Activity:
Line by line, retype the material exactly and leave each picture out.

Input:
◆ ◆ ◆ ◆ ◆ ◆ ◆

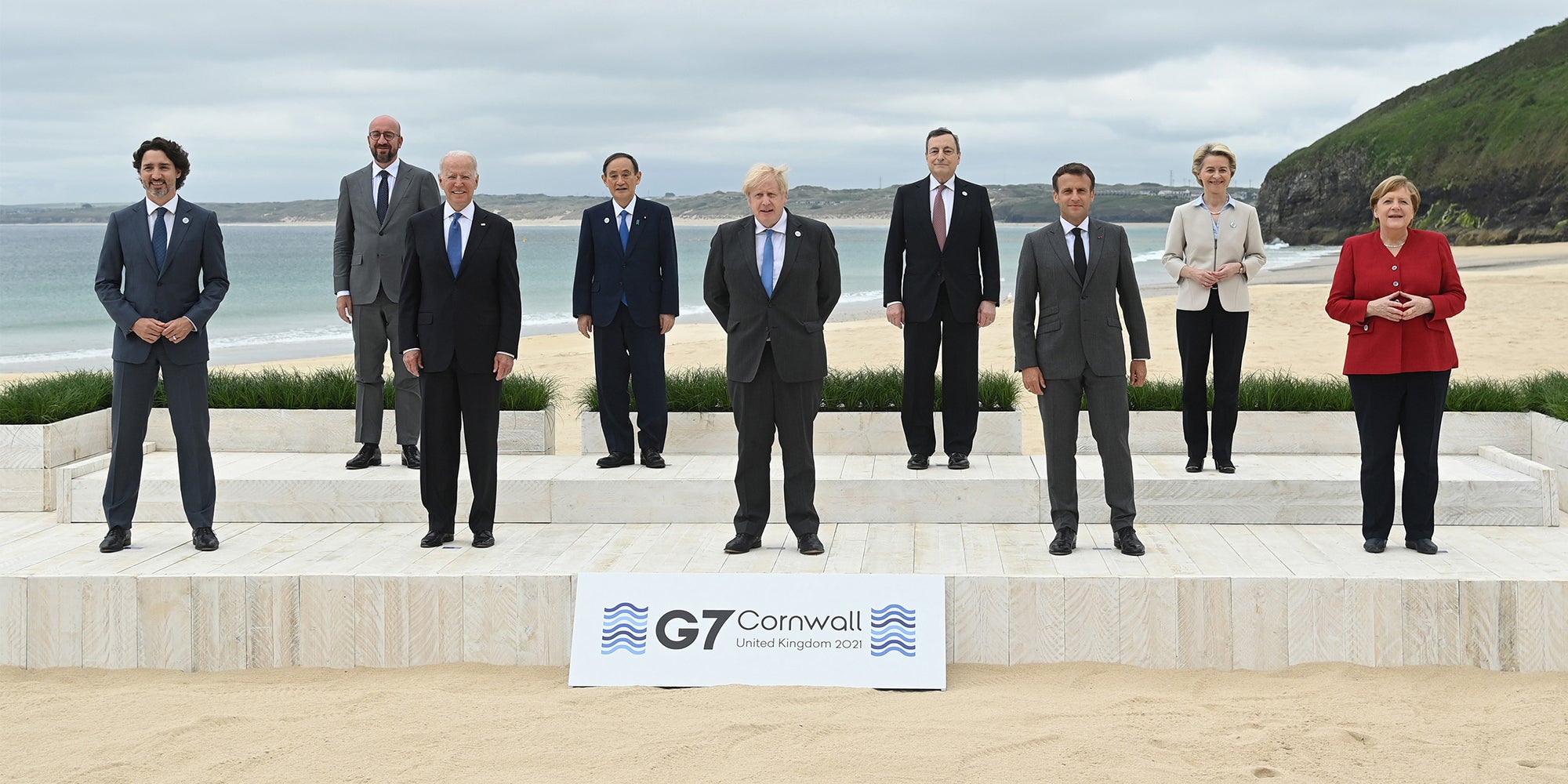 With the family photo being taken outside, the elite group were able to ditch coronavirus face masks as they smiled for the camera. G7 leaders pose for the family photo at the start of the g7 summit. Boris johnson today urged g7 leaders to aim for a more 'feminine' and 'gender neutral' recovery from coronavirus in a bizarre opening speech. The question is what are they actually going to decide when they sit down and have their discussions, whether it's about climate change, the state of the world's economy. Sign in and be the first to comment.
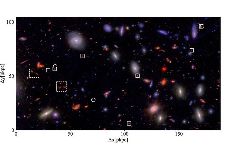 Redaktorların qeydləriF090W, F277W və F444W filtrlərindən istifadə edərək, spektroskopik olaraq təsdiqlənmiş qalaktikaların (kvadratlar, bərk xətt) və fotometrik namizədlərin (dairələr) mövqelərini göstərən üst-üstə düşmüş nöqtələrlə A2744-z7p9OD-un RGB şəkli. Kəsik, böyük kvadratlar ən çox toplanmış əsas bölgələri göstərir. Kredit: arXiv (2025). DOI: 10.48550/arxiv.2507.06284
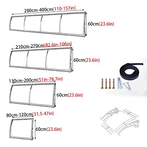 Tettoia Trasparente Per Esterno,Tettoia per Porta di Casa Pensilina Tettuccio Oorta d'ingresso in Policarbonato Trasparente per Porta o Finestra per Esterno (60x90cm/23.6x35.4in,Noir)
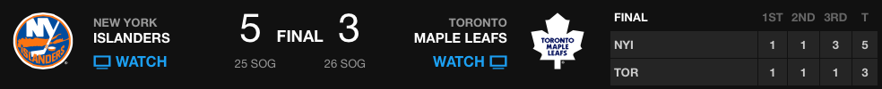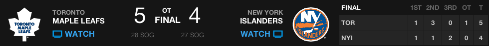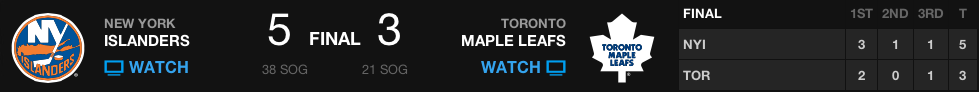 Derrotados pelos Rangers, os Leafs receberiam outro time de New York, os Islanders, que vinham de um jogo na noite anterior, onde venceram os Dallas Stars.
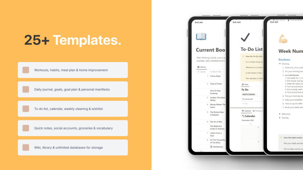A complete stoic Notion workspace and complete life operating system to manage your entire life, with more than 25+ templates inside, all designed to make your life easier.
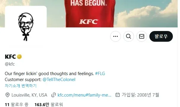 KFC X(트위터) 팔로우를 보면 11명이 있음.
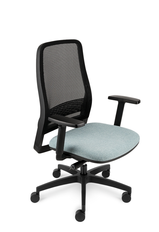Base made of black nylon Ø 700 mm. Provided with timing mechanism.Seat tilt 9°, backrest tilt 20°, locking in 5 positions. Seat height adjustment. Upholstered seat, breathable mesh back. Height adjustable armrest in black nylon. 65mm wheels.
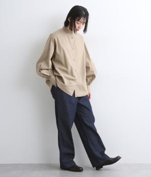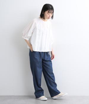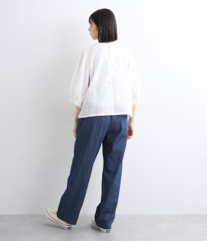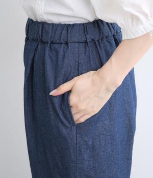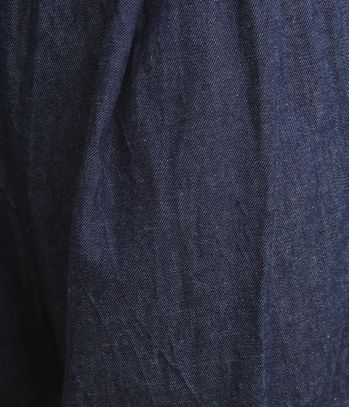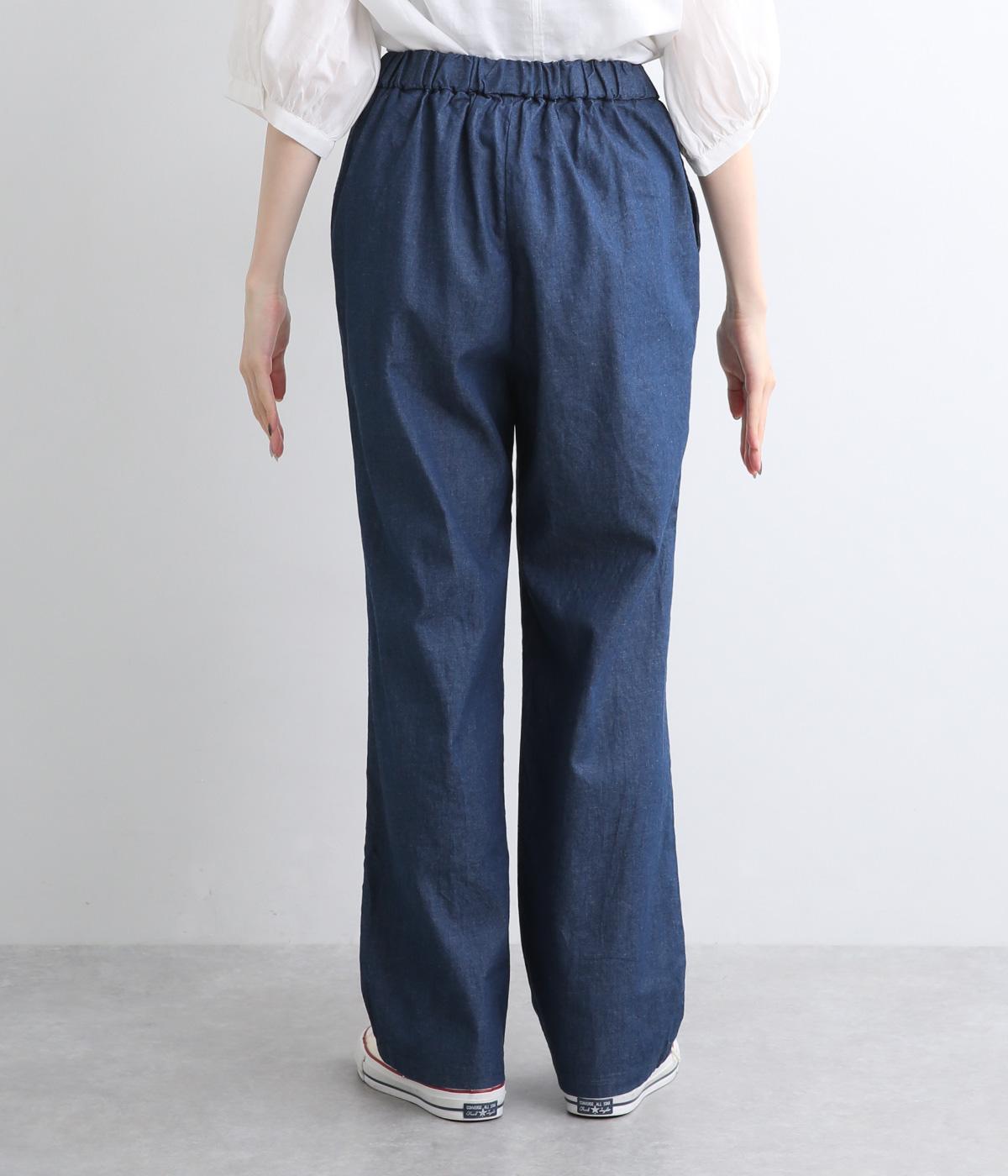 さらりとした肌ざわりのよいコットンデニムで仕立てました。表面のほどよいツヤ感がカジュアルさをおさえて、きれいめスタイルにもマッチします。

◆ ◆ ◆ ◆ ◆ ◆ ◆

Answer to this task:
 With the family photo being taken outside, the elite group were able to ditch coronavirus face masks as they smiled for the camera. G7 leaders pose for the family photo at the start of the g7 summit. Boris johnson today urged g7 leaders to aim for a more 'feminine' and 'gender neutral' recovery from coronavirus in a bizarre opening speech. The question is what are they actually going to decide when they sit down and have their discussions, whether it's about climate change, the state of the world's economy. Sign in and be the first to comment.
 Redaktorların qeydləriF090W, F277W və F444W filtrlərindən istifadə edərək, spektroskopik olaraq təsdiqlənmiş qalaktikaların (kvadratlar, bərk xətt) və fotometrik namizədlərin (dairələr) mövqelərini göstərən üst-üstə düşmüş nöqtələrlə A2744-z7p9OD-un RGB şəkli. Kəsik, böyük kvadratlar ən çox toplanmış əsas bölgələri göstərir. Kredit: arXiv (2025). DOI: 10.48550/arxiv.2507.06284
 Tettoia Trasparente Per Esterno,Tettoia per Porta di Casa Pensilina Tettuccio Oorta d'ingresso in Policarbonato Trasparente per Porta o Finestra per Esterno (60x90cm/23.6x35.4in,Noir)
 Derrotados pelos Rangers, os Leafs receberiam outro time de New York, os Islanders, que vinham de um jogo na noite anterior, onde venceram os Dallas Stars.
A complete stoic Notion workspace and complete life operating system to manage your entire life, with more than 25+ templates inside, all designed to make your life easier.
 KFC X(트위터) 팔로우를 보면 11명이 있음.
Base made of black nylon Ø 700 mm. Provided with timing mechanism.Seat tilt 9°, backrest tilt 20°, locking in 5 positions. Seat height adjustment. Upholstered seat, breathable mesh back. Height adjustable armrest in black nylon. 65mm wheels.
 さらりとした肌ざわりのよいコットンデニムで仕立てました。表面のほどよいツヤ感がカジュアルさをおさえて、きれいめスタイルにもマッチします。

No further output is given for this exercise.